Gleichzeitig mit dem Fest zum zehnjährigen Bestehen traf der Gouverneur des Oblastes (des Verwaltungsbezirkes) für das Frühförderzentrum eine kluge zukunfts- und richtungsweisende Entscheidung, die mit Erleichterung und großer Freude in der Rurtal-Schule und in der Evangelischen Kirchengemeinde Wassenberg, der Gründerin des HPZ Pskow, aufgenommen wurde. Er hatte angeordnet, dass „Limpopo“ aus der Zuständigkeit der Kinderpoliklinik entlassen und als eine Abteilung des Heilpädagogischen Zentrums Pskow weitergeführt würde.

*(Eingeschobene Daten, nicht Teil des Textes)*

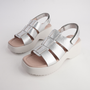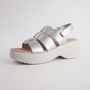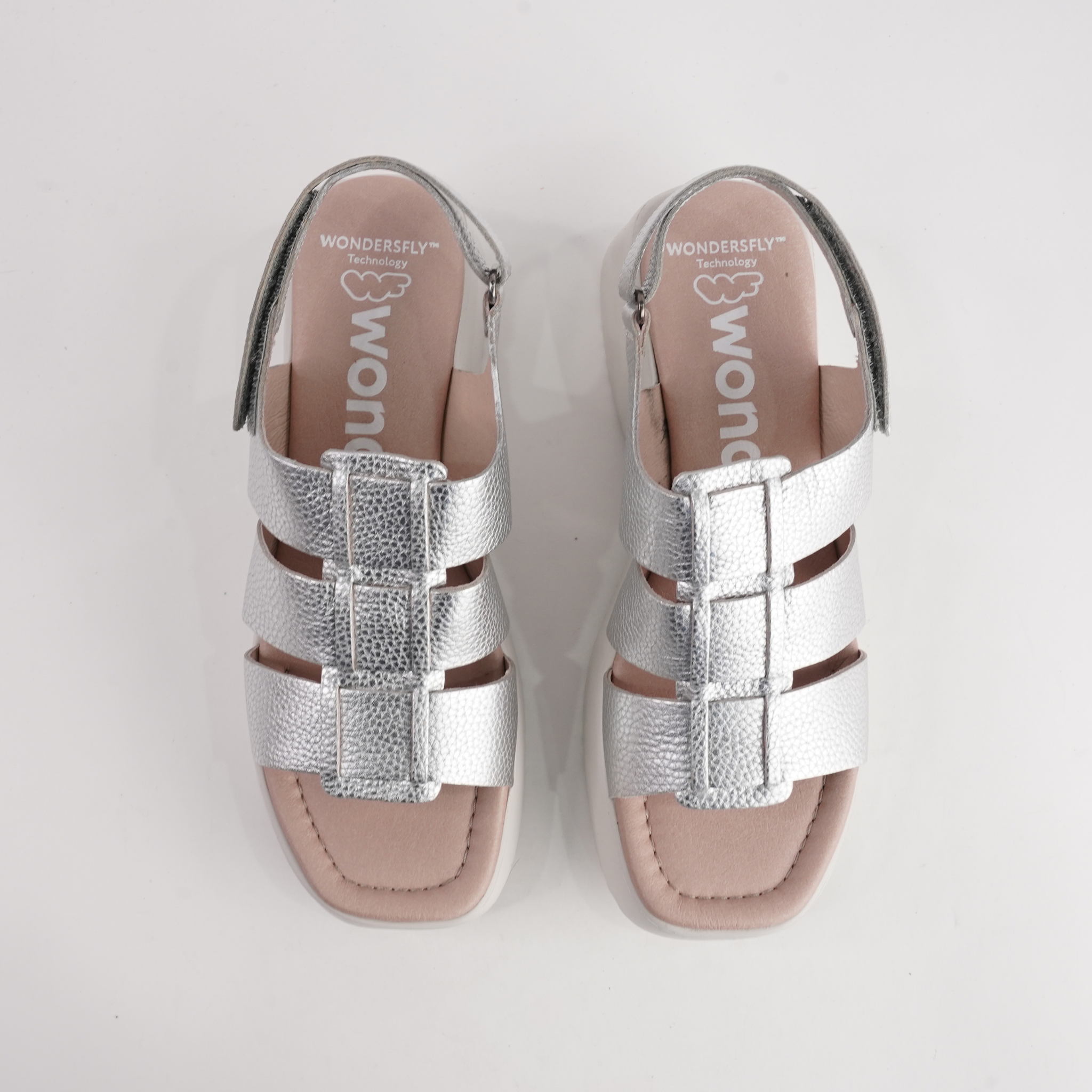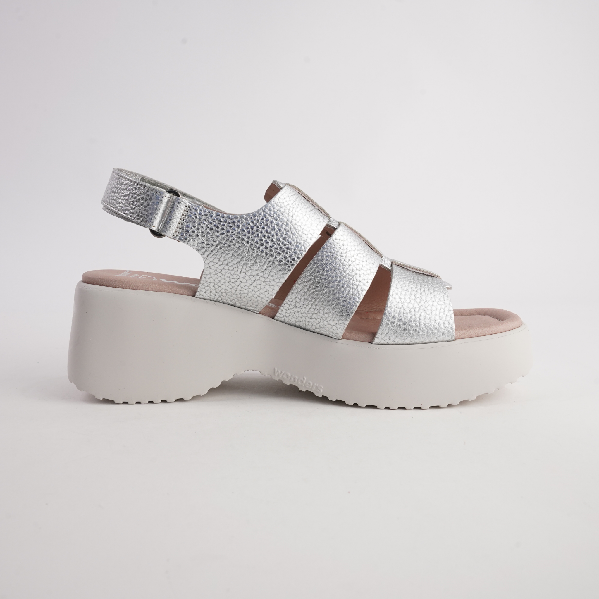 Add a modern edge to your summer wardrobe with the Dove Silver/Off White Leather Sandals by Wonders. Featuring a bold platform sole and metallic silver leather straps, these sandals perfectly combine contemporary style with effortless comfort. The soft leather upper and cushioned footbed provide a luxurious feel, while the adjustable strap ensures a secure, personalised fit. A lightweight off-white sole adds height without compromising on comfort — ideal for all-day wear.

Damit wurden auch viele Wochen der Ungewissheit und des Bangens um die Zukunft des Frühförderzentrums beendet. Das große allseitige Aufatmen ob dieser Entscheidung, welche die Weiterarbeit von „Limpopo“ mit den bisherigen Intentionen, begleitet von den deutschen Partnern, dauerhaft sichert, trug ebenfalls zu der gelösten und unbeschwerten Stimmung bei dieser Jubiläumsfeier bei.